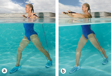 Before each move, tighten your abs to keep your balance in the water. Keep your abs contracted throughout the exercise while breathing normally.
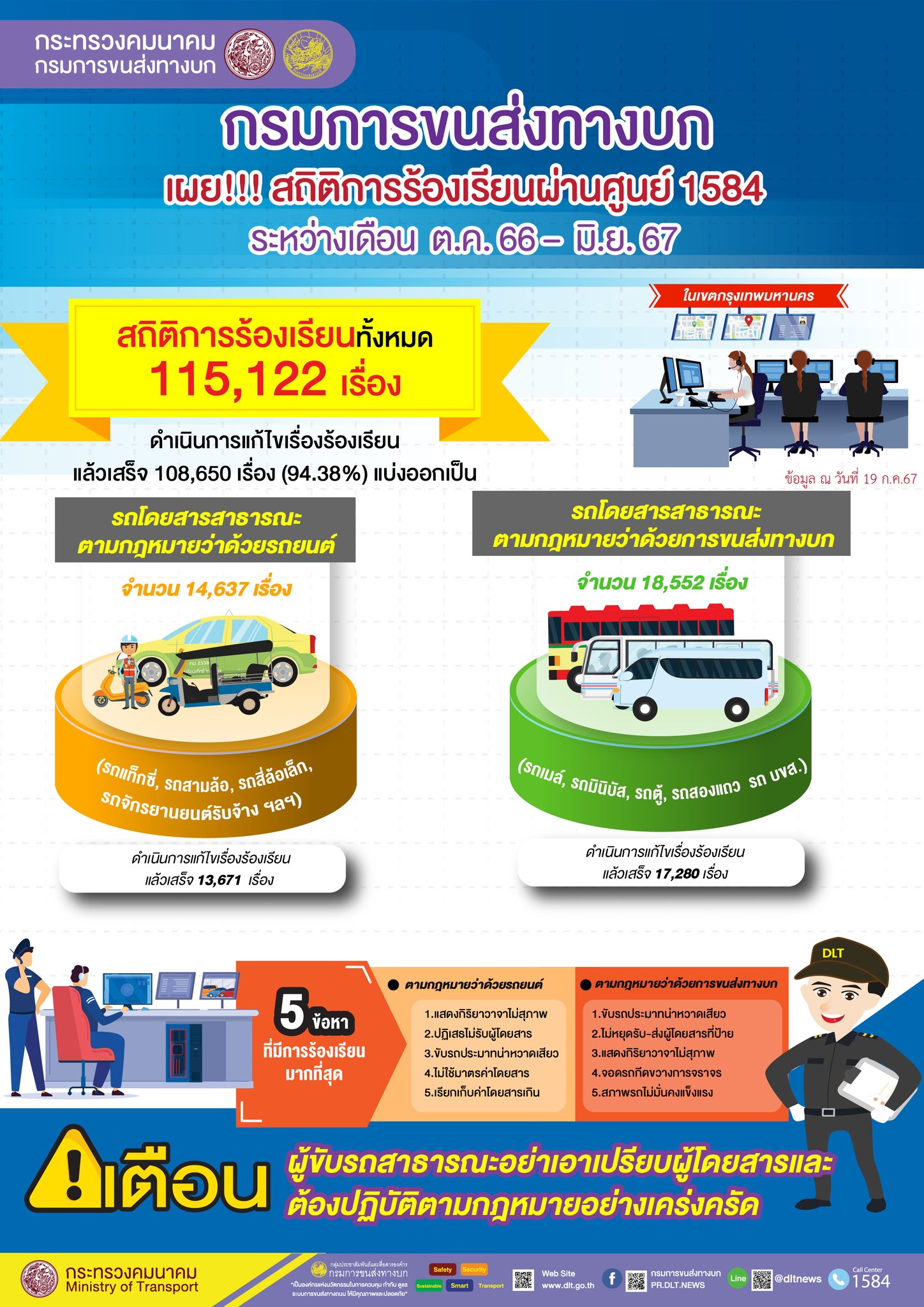 สำหรับสถิติการร้องเรียนผ่านศูนย์คุ้มครองผู้โดยสารรถสาธารณะ 1584 ประจำปีงบประมาณ 2567 ระหว่างเดือนตุลาคม 2566 – มิถุนายน 2567 จำนวนทั้งสิ้น 115,122 เรื่อง ได้ดำเนินการแก้ไขแล้วเสร็จ 108,650 เรื่อง (94.38%) แบ่งออกเป็น
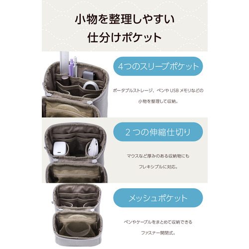 ●ポータブルストレージ、ぺンやUSBメモリなどの小物を整理して収納できる4つのスリーブポケットを備えています。
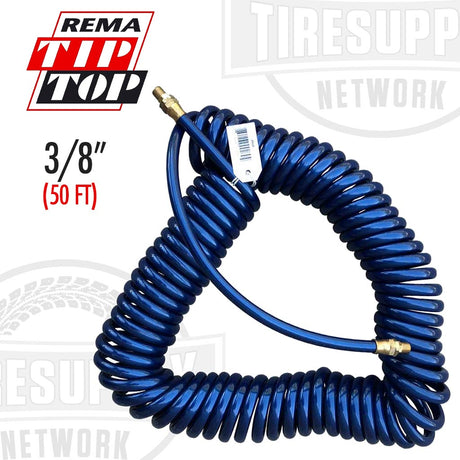 Rema | Polyurethane Coil Air Hose 3/8″ I.D. x 50′ Length with 1/4″ MPT Ends (844P)
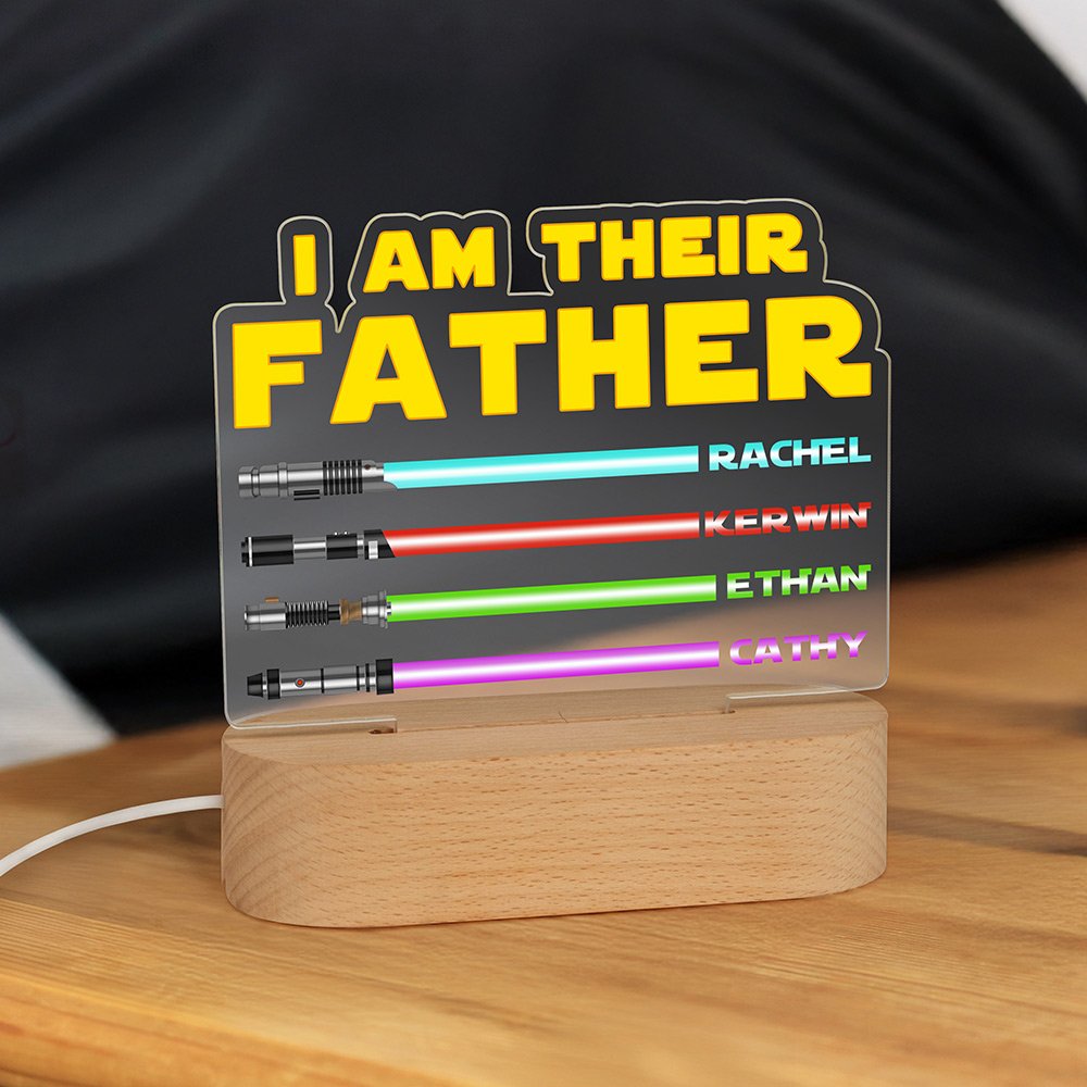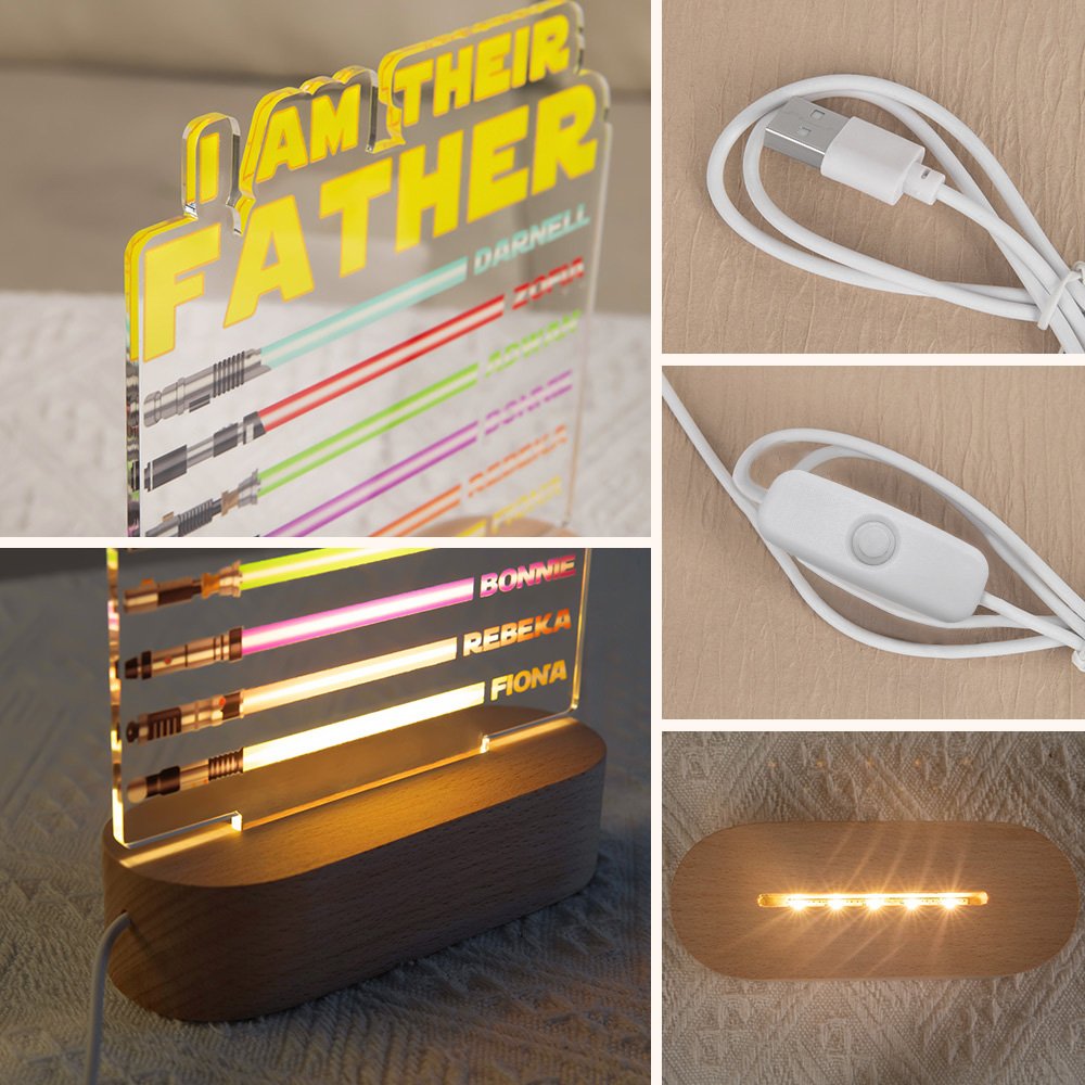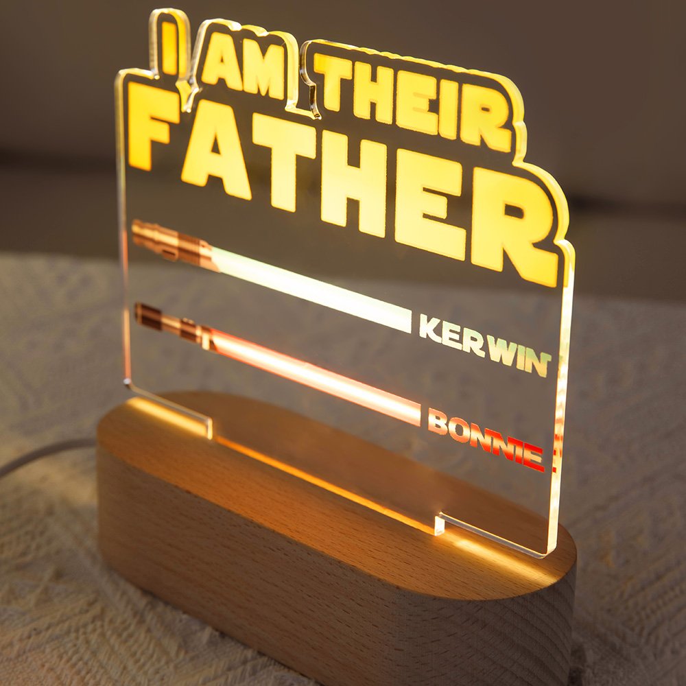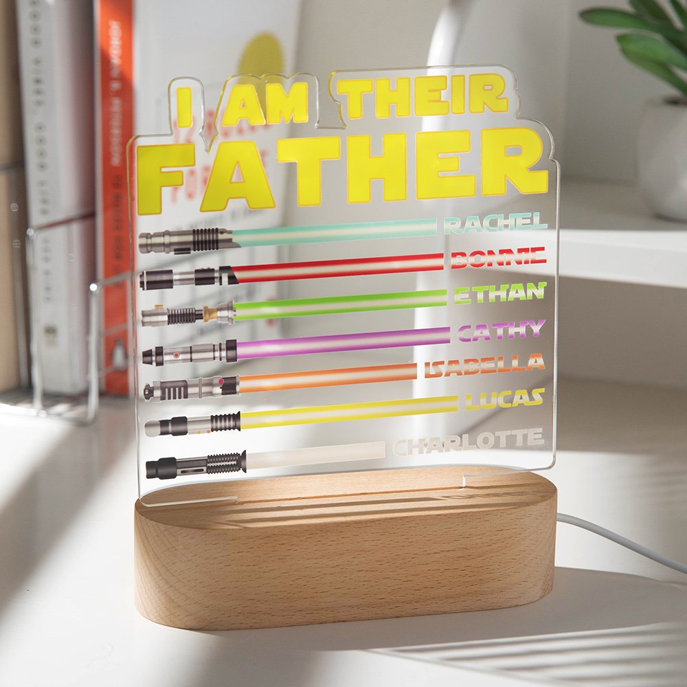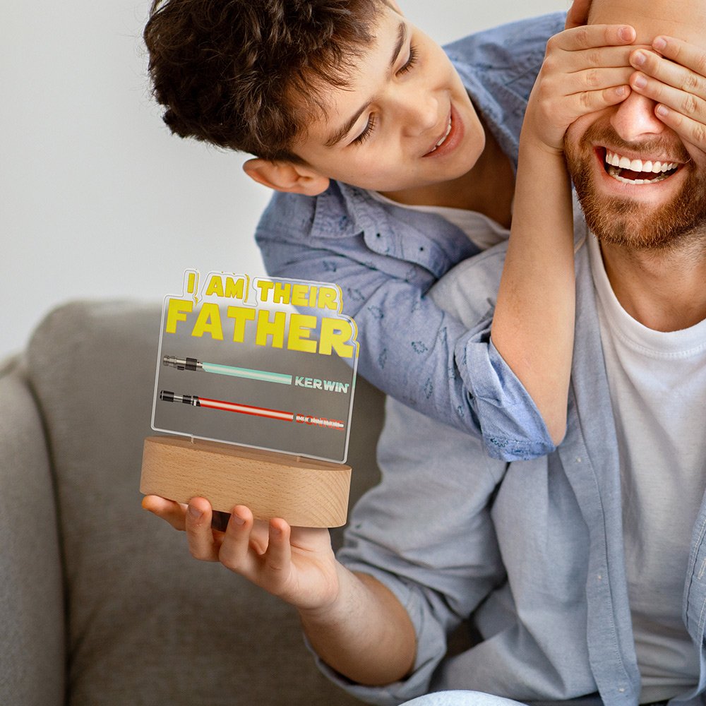Das Nachtlicht ist mit dem auffälligen Text "I AM THEIR FATHER" gestaltet. Darunter können 1-7 Lichtschwerter in verschiedenen Farben individuell gestaltet werden, wobei der Name des Kindes neben jedem Lichtschwert eingraviert ist. Dieses Design spiegelt nicht nur die enge Verbindung zwischen Vätern und Kindern wider, sondern verleiht dem Nachtlicht auch eine einzigartige Erinnerungsbedeutung.

----

Skip the pictures; extract only the lines from the line with "เรื่อง (94.38%) แบ่งออกเป็น" through the final line of the material, exactly as they appear.

 สำหรับสถิติการร้องเรียนผ่านศูนย์คุ้มครองผู้โดยสารรถสาธารณะ 1584 ประจำปีงบประมาณ 2567 ระหว่างเดือนตุลาคม 2566 – มิถุนายน 2567 จำนวนทั้งสิ้น 115,122 เรื่อง ได้ดำเนินการแก้ไขแล้วเสร็จ 108,650 เรื่อง (94.38%) แบ่งออกเป็น
 ●ポータブルストレージ、ぺンやUSBメモリなどの小物を整理して収納できる4つのスリーブポケットを備えています。
 Rema | Polyurethane Coil Air Hose 3/8″ I.D. x 50′ Length with 1/4″ MPT Ends (844P)
Das Nachtlicht ist mit dem auffälligen Text "I AM THEIR FATHER" gestaltet. Darunter können 1-7 Lichtschwerter in verschiedenen Farben individuell gestaltet werden, wobei der Name des Kindes neben jedem Lichtschwert eingraviert ist. Dieses Design spiegelt nicht nur die enge Verbindung zwischen Vätern und Kindern wider, sondern verleiht dem Nachtlicht auch eine einzigartige Erinnerungsbedeutung.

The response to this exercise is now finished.